A RESURFACED video of Kamala Harris has brought backlash to the Democratic nominee after she vowed to implement a controversial policy.
Harris threatened to “snatch” patents away from drug companies to lower costs in a 2019 speech – and the clip has raised concerns from voters on social media.
In her speech at a campaign event in Iowa at the time, Harris spoke about how as president, she would make sure that the government sets a fair market.
She went on to say that companies that didn’t comply would be stripped of federal funding in order to lower prices for drugs.
“I will snatch their patent so that we will take over,” she said in the resurfaced video.
A rally attendee in the audience at the time then asked, “Can we do that?”
“Yes we can do that!” she responded.
“The question is, do you have the will to do it?
“I have the will to do it.”
‘SCARIEST THING I’VE EVER HEARD’
The clip is circulating on X as critics accuse Harris of plotting a “government takeover.”
“This is the scariest thing I’ve ever heard from a candidate for the President of the United States,” one X user wrote.

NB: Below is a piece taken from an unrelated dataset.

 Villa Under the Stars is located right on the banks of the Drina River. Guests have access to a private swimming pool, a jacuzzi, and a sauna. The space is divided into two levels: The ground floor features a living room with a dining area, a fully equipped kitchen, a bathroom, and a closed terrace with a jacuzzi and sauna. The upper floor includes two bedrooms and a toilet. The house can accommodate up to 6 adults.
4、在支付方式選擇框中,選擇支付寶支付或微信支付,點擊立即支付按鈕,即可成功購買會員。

“Kamala Harris bragging about nationalizing private sector assets. She said she will ‘snatch’ their patents.
“She has the power to do that. If she’ll have the state steal intellectual property, she will have the state commandeer all property.

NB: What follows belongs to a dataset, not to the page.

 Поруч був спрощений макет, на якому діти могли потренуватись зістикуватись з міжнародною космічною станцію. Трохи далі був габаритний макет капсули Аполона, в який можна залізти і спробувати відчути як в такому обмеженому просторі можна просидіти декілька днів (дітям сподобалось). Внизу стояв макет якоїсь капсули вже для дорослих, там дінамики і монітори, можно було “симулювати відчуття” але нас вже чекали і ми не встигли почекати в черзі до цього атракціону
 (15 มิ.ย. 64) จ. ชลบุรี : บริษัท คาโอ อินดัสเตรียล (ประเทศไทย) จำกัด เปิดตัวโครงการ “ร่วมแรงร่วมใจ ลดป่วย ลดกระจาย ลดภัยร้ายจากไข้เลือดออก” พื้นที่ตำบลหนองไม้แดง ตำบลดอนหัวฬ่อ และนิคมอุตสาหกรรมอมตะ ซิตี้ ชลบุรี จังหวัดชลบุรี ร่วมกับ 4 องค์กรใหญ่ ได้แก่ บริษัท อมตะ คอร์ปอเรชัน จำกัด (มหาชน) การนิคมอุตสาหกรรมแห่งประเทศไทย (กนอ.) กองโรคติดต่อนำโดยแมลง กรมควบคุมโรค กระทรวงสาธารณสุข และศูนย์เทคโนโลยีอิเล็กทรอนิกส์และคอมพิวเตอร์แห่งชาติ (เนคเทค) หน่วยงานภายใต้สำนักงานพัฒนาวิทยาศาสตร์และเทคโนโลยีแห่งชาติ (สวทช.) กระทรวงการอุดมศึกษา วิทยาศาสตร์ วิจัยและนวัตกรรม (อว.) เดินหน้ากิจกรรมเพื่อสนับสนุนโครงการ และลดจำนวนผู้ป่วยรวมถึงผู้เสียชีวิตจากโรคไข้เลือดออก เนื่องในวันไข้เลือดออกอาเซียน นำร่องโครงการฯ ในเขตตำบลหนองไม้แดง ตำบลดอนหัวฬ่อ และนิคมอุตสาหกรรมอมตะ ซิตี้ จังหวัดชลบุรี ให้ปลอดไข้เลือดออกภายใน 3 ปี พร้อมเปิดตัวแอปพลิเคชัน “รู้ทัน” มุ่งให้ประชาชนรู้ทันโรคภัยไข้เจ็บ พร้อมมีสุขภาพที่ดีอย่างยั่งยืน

“This is the real dictator in waiting.”
“The party frightened about the ‘threat to our democracy’ is nominating a wannabe tyrant,” filmmaker Eric Abbenante slammed in a post.
Kamala’s legal background
Kamala’s background in law and politics spans decades.
Kamala Harris first began her career as a San Francisco District Attorney in 1998, when District Attorney Terence Hallin recruited her. Since then, she’s faced several controversial cases.

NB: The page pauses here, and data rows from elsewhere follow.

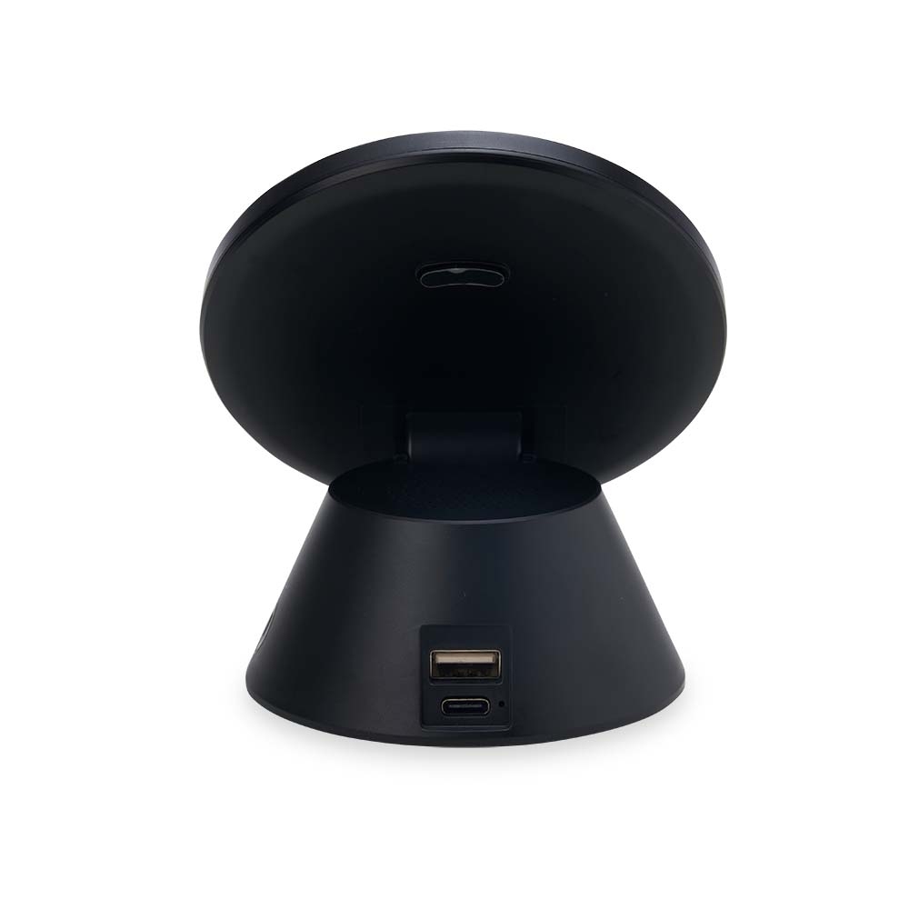 OBS.: Funciona exclusivamente conectado a uma fonte de energia, tanto a caixa de som quanto o carregador via indução. Não possui bateria para armazenamento de carga.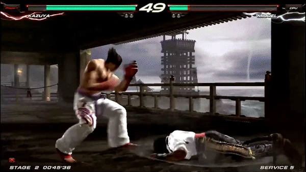 When his opponent is lying on the ground, Kazuya stomps them with his right foot.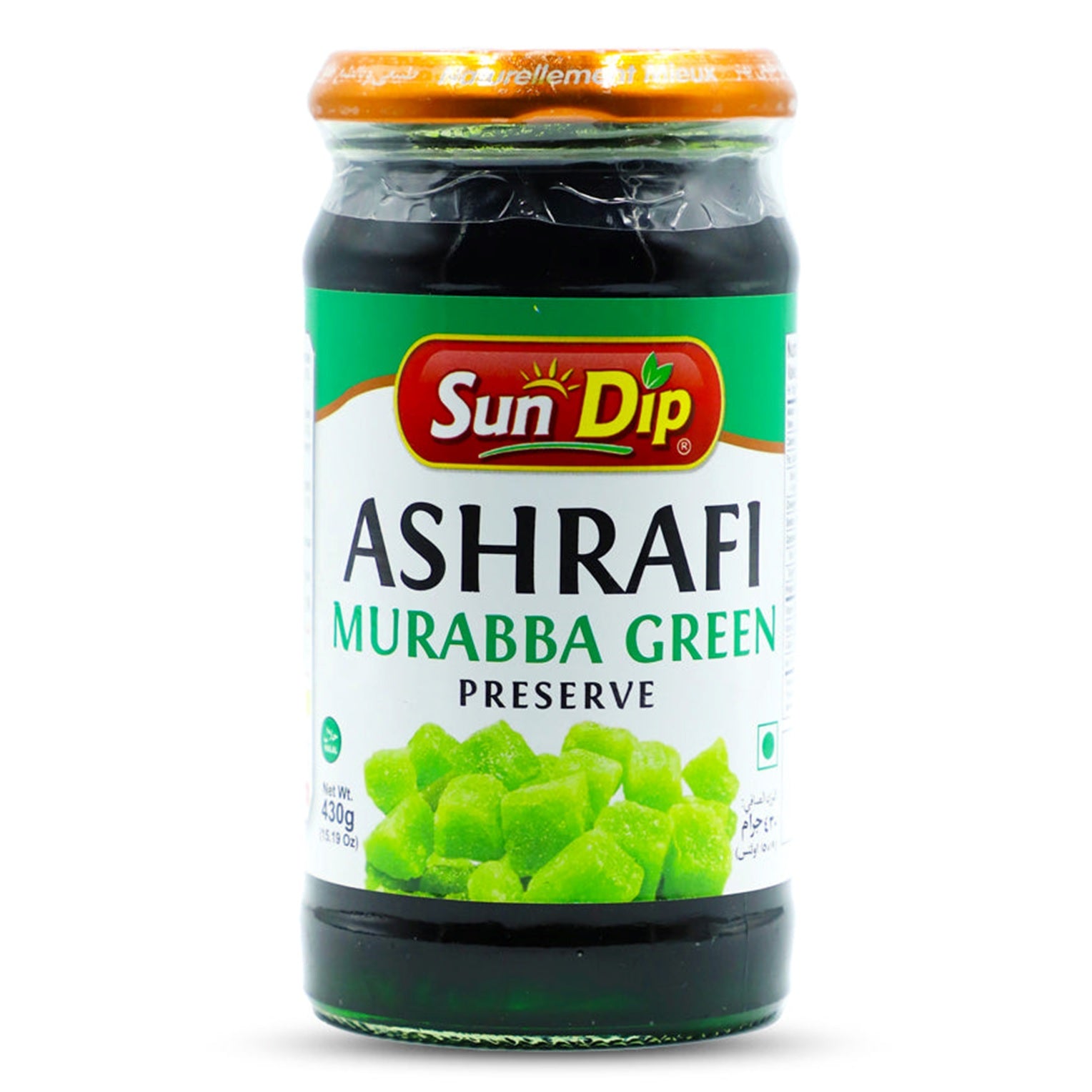 You asked for a description of Sundip Ashrafi Murabba Green, 430g. This is a 430g jar of a traditional South Asian preserve, or 'Murabba', where the main ingredient is typically White Gourd or Winter Melon (Petha), referred to as 'Ashrafi'. The gourd pieces are carefully cooked in a rich sugar syrup, often flavored with cardamom or rose water, until they become sweet, tender, and translucent, with the 'Green' designation indicating the color of this specific variety, making it a highly cherished, intensely sweet preserve often consumed as a traditional dessert or digestive aid.

In 2004, Harris dealt with the shooting of Officer Isaac Espinoza. The 29-year-old San Francisco officer was in his unmarked car with his partner when he flashed his lights at a man named David Hill, Calm Matters reported.
Hill fired several rounds from his AK-47 at the officers, killing Espinoza. When Hill was being prosecuted, Harris refused to charge him with the death penalty. A decision she faced major backlash for. Harris’ decision to decline the death penalty immediately painted her as an anti-police prosecutor.
Since that case, Harris has positioned herself as a “progressive prosecutor.” However, many on the left have argued she was too tough.
“I don’t know what Harris could possibly do to regain the trust of those who are intimately familiar with the ways she, like any other prosecutor, has sent people to prison and made a career off of appearing to be tough on crime,” Wanda Bertram, a communication strategist at the Prison Policy Initiative told Vox.
“Well, this is crazy,” Texas Governor Greg Abbott reacted to the video.
“Here is Kamala Harris in 2019 when running the first time saying as President she would take peoples legally binded patents on their products or inventions and make them the governments,” another X user wrote.
“This woman is a full fledged communist and is trying hard to hide it this time around.
“Do not let someone like this ruin a capitalist country,” he added.
‘SHE’S A LUNATIC’
The insults hurled at Harris echoed the remarks of Donald Trump at his rally in Pennsylvania on Saturday, where he lobbed some critiques at his rival in the upcoming presidential election.
He said that while Harris’ plan to help the economy might “sound good politically,” it was still “very dangerous” and “communist.”
“People say, don’t use bad language,” he said at the event in Wilkes-Barre.
“They say, please don’t call people stupid, but they are stupid people. How else do you describe it?”
“She’s a socialist lunatic,” he continued.
“That’s the other thing, please sir, please don’t call her a lunatic, but that’s what she is – she’s a lunatic.”
“People say, be nice. Have you heard her laugh? That is the laugh of a crazy person.
“That is a laugh of a lunatic,” he said.
Read more on the Scottish Sun
The controversial video appeared days before the Democratic National Convention is set to kick off in Chicago.
And Trump and Harris themselves are slated to face off in an ABC debate on September 10.